The world’s governments will meet in Copenhagen in December to hammer out a new global climate deal. But Al Gore, speaking on Wednesday at the Clinton Global Initiative’s annual meeting in New York, said success hinges on the U.S. Senate’s progress on legislation that would limit the country’s greenhouse gas emissions. “The road to Copenhagen goes through the U.S. Senate,” Gore said.
The United States must play a crucial role in the Copenhagen negotiations but in order for that to happen, President Obama must go there with a credible bargaining position, the former U.S. Vice President said. To do that, the U.S. Senate must pass climate legislation, even if the House and Senate haven’t worked out differences between their proposed bills by the time of the international meeting. The House passed climate legislation in the summer that would put in place a nationwide cap-and-trade system for greenhouse gasses, but the Senate is still debating its version of the bill.
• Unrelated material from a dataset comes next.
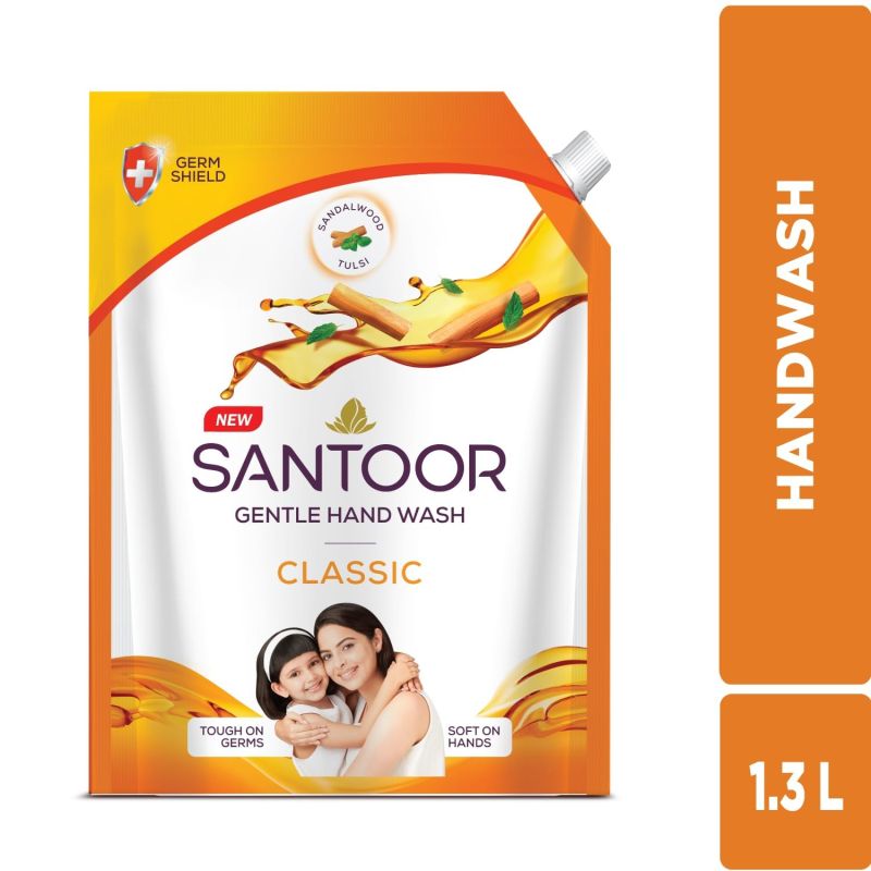 Santoor Classic Gentle Hand Wash with Natural goodness of Sandalwood & Tulsi, 1300ml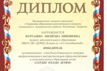 ПДО Муртазина М.М. стала победителем муниципального этапа Республиканского конкурса профессионального мастерства кадров сферы воспитания и дополнительного образования детей "Сердце отдаю детям".

With all the attention being paid to health care and the economy, however, there’s a real chance that the Senate might not vote on the bill before the end of the year. Senate Majority Leader Harry Reid suggested as much to reporters last week.
The U.S. bill contains what Gore calls the most crucial step for mitigating climate change: putting a price on carbon. Gore said he’s participated in more than 30 “solution summits” over the last three years to identify the best ideas for stopping climate change, and pricing carbon was the single most important solution that has emerged.
Beyond putting a price on carbon in the U.S., Gore said the world needs to move toward “sustainable capitalism” in general, which would incorporate externalities, like pollution, into business models. Part of this new capitalism would be rethinking the way money is managed. “If people are paid to maximize earnings on a quarterly basis, that is what they’ll do,” Gore said, referring to business executives who put short-term profits ahead of long-term growth. Gore said capitalism is required to solve the “climate crisis,” but in order for businesses to be part of the solution they need to operate in a more sustainable manner.
Meanwhile, President Obama spoke on Tuesday at the U.N. summit in New York where he said the U.S. understands the gravity of climate change and is “determined to act.” But according to this report, some observers were disappointed that he didn’t call for Senate action on climate legislation.